A share holders services company has expressed its concern about appointing a person with little experience in the board of a large and technologically advanced company and has asked the share holders to vote against the proposal.
Of course, one can be sure that the family controlling the Reliance Industries would somehow ensure that such appointment would be done, just as the fact that other siblings of the family who are also not adequately experienced have entered the board of group companies.. 
 The question is whether such appointments to the top posts, which are very critical for the optimum management of the institution, should be done on the basis of family connection and blood relations, overlooking the claims of the professionals with proven skill and long period of experience and expertise in the relevant fields.
A number of such private sector companies which are operating in industrial and commercial fields are public limited companies with large portion of equity share being held by individuals and financial institutions, who are not part of the family, which control the management of these institutions. 
 In all such cases, it can be seen that the stakes of the non-family equity holders and the financial institutions who have extended equity and loan to the companies, are much larger than that of the family members who have much less equity share and nevertheless who are controlling the companies in day today management and in chalking out the short term and long term policies of the companies.
When in such large private sector companies, which are public limited companies, the succession for the management of the companies is based on blood relations rather than the expertise and competence of the persons, obviously the future prospects of the companies and their growth may run the risk of suffering considerably, due to the lack of adequate expertise of the family members who are vested with the authority and responsibility.
Norms should be evolved stipulating certain level of experience and qualification to occupy positions on the board of directors
In such conditions, it is often seen that senior engineers, technologists and management professionals with proven experience of even thirty years and more, are forced to report to youngsters coming from the family, who are yet to acquire high skill and expertise.
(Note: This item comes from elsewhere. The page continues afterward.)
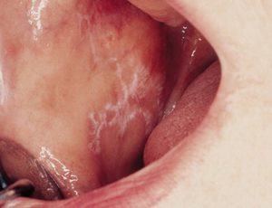 - ретикулярну — практично безсимптомна форма ЧПЛ, яка зазвичай випадково виявляється лікарем. Характеризується висипами опалового кольору та наявністю дрібних вузликів, на поверхні яких візуалізується поперечна смугастість — сітка Вікхема. Пацієнти скаржаться на зміну структури СОПР, яка стає грубшою, схожою на наждачний папір. Іноді може виникати подразнення від вживання гарячих та кислих продуктів/напоїв із розвитком еритематозних та виразкових пошкоджень на тлі довготривалого пекучого дискомфорту у ПР;

There are some cases where the experienced worthy professionals are unwilling to accept such conditions which they may consider as humiliating and leave the services once for all. There are many organisations in India whose progress have suffered due to such reasons.
As efficient functioning of public limited companies are necessary for the economic and industrial growth of the country, it is necessary that some norms should be evolved, stipulating certain level of experience and qualification to occupy positions on the board of directors of the companies. 
This would ensure that blood relations do not become the be all and end all factor for occupying such board level positions in public limited companies that are in private sector.
In India, it appears that in almost all private sector companies, the level in the management hierarchy up to which the professionals can move become limited, in spite of their expertise and capability. 
 This is a negative trend, where valuable experience and knowledge level of senior professionals go unutilized in top management practices, which ultimately impact the overall industrial growth of the country.